PPPoE のステージごとの切り分けの考え方は、親記事の共通切り分けステップでも整理しています。あわせて参照すると、メーカーを問わない切り分けの全体像を把握できます。
よくあるトラブルと確認ポイント
Cisco の PPPoE クライアントで遭遇しやすいトラブルを整理します。
- PPPoE は UP だが Web の一部が表示されない / 通信が遅い
-
MTU / MSS の設定を確認する。
ip mtuのみの設定になっていないか、mtuでインターフェース MTU を設定しているかを点検する - IPsec VPN 経由の大きいパケットだけ通らない
-
トンネル側の MSS をさらに下げる(MTU / MSS 設計のセクションを参照)
- セッションは確立するが LAN から通信できない
-
NAT の内側 / 外側インターフェースの指定(
ip nat inside/ip nat outside)と、ACL・ip nat inside source list ... overloadの対象範囲を確認する。 - 認証が通らない
-
プロバイダーが CHAP / PAP のどちらを要求するかを確認し、
ppp chap/ppp pap sent-usernameの設定を見直す。
まとめ
本記事では、Cisco ルーターを PPPoE クライアントとして設定する手順を、Dialer インターフェースの考え方から MTU / MSS 設計、トラブルシューティングまで整理しました。物理 IF と Dialer の役割分担を押さえ、MTU は ip mtu ではなくインターフェースの mtu で設定することが、安定した接続の前提になります。

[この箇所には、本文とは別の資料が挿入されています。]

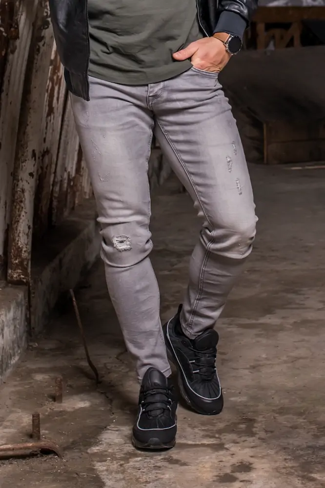 Ανδρικό Jean παντελόνι Harpy με γδάρσιμο (Γκρι)
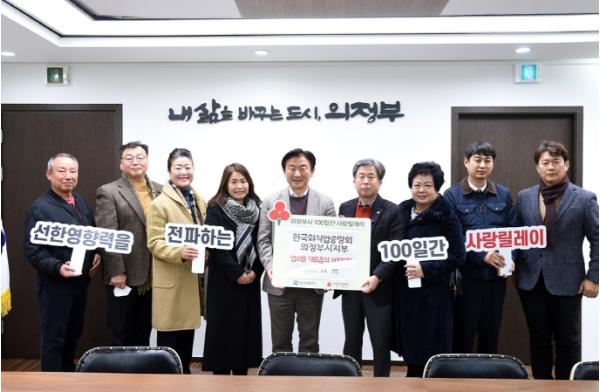 이날 전달식은 시장실에서 의정부시외식업지부 김성군 회장 외 8명의 관계자가 참석한 가운데 진행됐다.
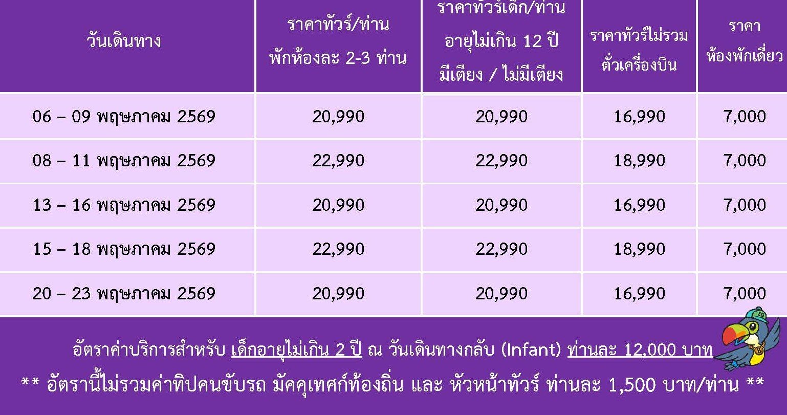 เดินทาง พ.ค. 69 | โดยสายการบิน HONGKONG AIRLINE (HX) | • นั่งกระเช้านองปิง • วัดโป่วหลิน นมัสการพระใหญ่เทียนถาน • หมู่บ้านวัฒนธรรมนองปิง • ห้างซิตี้เกต เอาท์เล็ท • รีพัลส์เบย์ • วิคตอเรียพีค • Avenue of Stars • ฮ่องกงดิสนีย์แลนด์เต็มวันชมการแสดงดอกไม้ไฟ • วัดแชกงหมิว • โรงงานจิวเวอร์รี่ • ร้านหยก • วัดหวังต้าเซียน • วัดเจ้าแม่กวนอิมฮ่องฮำ • วัดกวนไท • ช้อปปิ้งย่านจิมซาจุ่ย
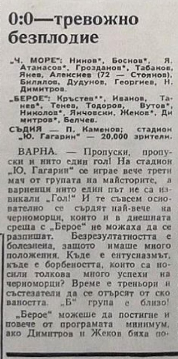 «Черно море» Варна - «Берое» Стара-Загора - 0:0
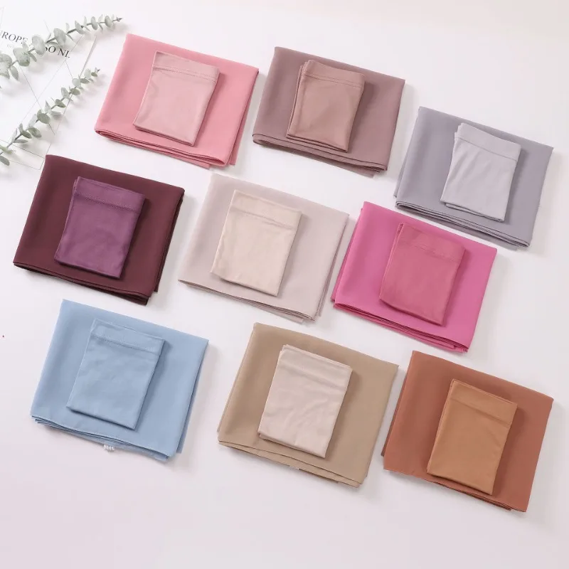 Hijabs foulard sous-écharpe casquettes en gros en mousseline de soie longue serviette avec lait soie fond casquette couleur unie moyen-orient enveloppes pour femmes |
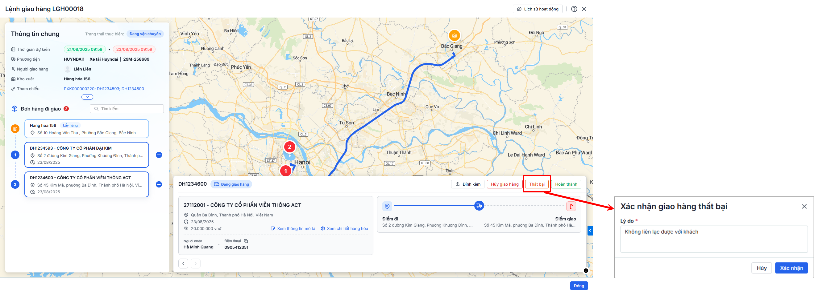 - Thất bại (áp dụng với đơn đặt hàng có trạng thái là Đang giao hàng, Giao lại lần <x>)
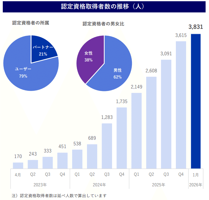 2025年末時点でこの認定資格取得者は延べ3,831名(前年同期比で大幅増)を突破しており、KDDIなどの先進的な大企業では、社内におけるデジタル人材育成戦略や人事評価制度の指標の一環としてSCSが公式に活用されている。資格保有者の79%がユーザー企業の社員、21%がパートナー企業であり、男女比も男性62%・女性38%と幅広い属性に浸透している。 システムの使い方を知る「アンバサダー(伝道師)」が顧客企業の内部で自律的に増殖していくこの構造は、①導入後の活用拡大(アップセル)②解約防止(チャーン低下)を極めて低コストで実現する究極の成長エンジンである。同時に、コンサルティング企業やSIer(アクセンチュア等)との戦略的パートナーシップの拡充も進行しており、自社営業人員の増加に依存しないスケーラブルな販売・導入体制が確立されつつある。
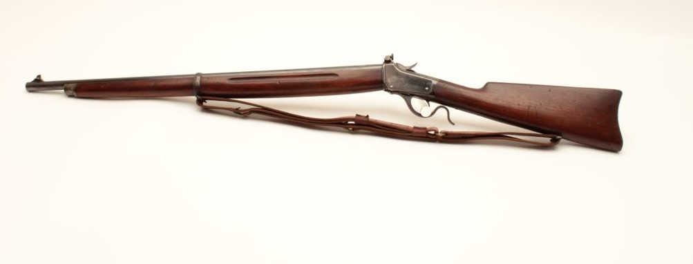 U.S. marked Winchester Low Wall single shot rifle, .22 Short caliber, Serial #127045. The rifle is in very good overall condition with a 27” barrel. The “Winder Musket” is a blade front sight and a Lyman aperture sight Lot Title added at the tang. The barrel and receiver retain a significant amount of their blue finish with the remainder going to a grey patina. The rifle is martially marked, U.S. at the tang with the flaming bomb emblem. Lot Title The smooth wood stock is in good condition showing moderate use and wear with mars and compressions. The butt ends with a smooth steel butt plate. The bore is fair, the action crisp and markings are sharp on this Lot Title martially marked low wall. The lot includes a period leather military style sling. Est.: $500-$1,000. (C+R).
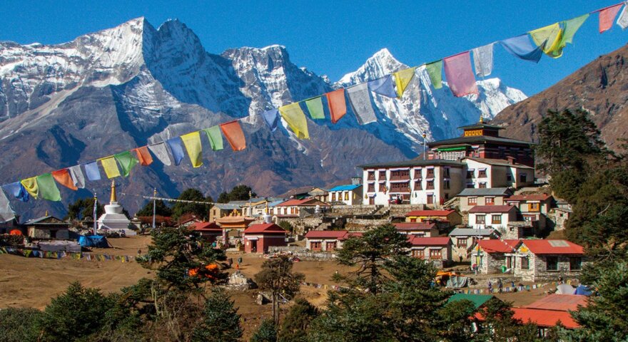 Fly to the airstrip at Lukla (9,350'), gateway to Everest, and hike to Namche Bazaar, the Sherpa trading center. Continue farther up the Khumbu Valley to the twin villages of Khunde and Khumjung, then to the ridgetop site of Tengboche Monastery (12,650'), spiritual center of the Sherpa people. Our visits to their villages are a wonderful introduction to Sherpa culture.
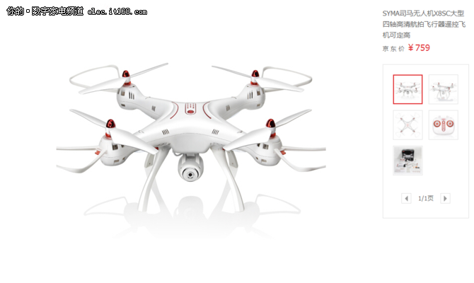 最后我们推荐的这一款无人机是来自SYMA这个品牌的。在京东搜索无人机,千元以下的各个档位上SYMA的无人机的销量都非常靠前,可以看出这个品牌在消费者中的口碑以及知名度都还是不错的。SYMA的这一款无人机型号为X8SC,是今天推荐里价格最高的一款了。在外观上这款无人机的造型已经与大疆那些高端无人机非常相像。这款无人机的脚架,保护架以及风叶都采用卡扣式设计,拆解安装都非常方便。配置上这款无人机的相机搭配200万像素摄像头,标配一张4GB SD卡。可以录制720P高清视频并支持实时传输。在功能上,前面无人机介绍过的气压定高拍摄功能、一键起飞,紧急停止以及遥控微调功能也都具备。在功能上也是非常的丰富,是一款值得购买的无人机。
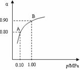(3)550 ℃时,SO2转化为SO3的平衡转化率(α)与体系总压强(p)的关系如右图所示。则:将2.0 mol SO2和1.0 mol O2置于5 L密闭容器中,反应达平衡后,体系总压强为0.10 M Pa。该反应的平衡常数等于 。A与B表示不同压强下的SO2转化率,通常情况下工业生产中采用常压的原因是

- PPPoE の論理設定は Dialer インターフェースに集約し物理 IF は PPPoE 有効化のみ。
- 物理と Dialer は dial-pool 番号で紐づき、方向は物理から Dialer へ参照する。
- ip address negotiated は IPCP で払い出された IP を使う指定
- MTU はインターフェースの mtu で設定し MRU を正しく通知することが重要
- フレッツ網は MTU 1454 / MSS 1414、純粋な PPPoE は MTU 1492 / MSS 1452 が基準
- IPsec 併用時はトンネル側の MSS をさらに下げて大きいパケットの破棄を防ぐ。
- 切り分けはセッション確立・IP 取得・通信成立の順に段階的に確認する。
以上、最後までお読みいただきありがとうございました。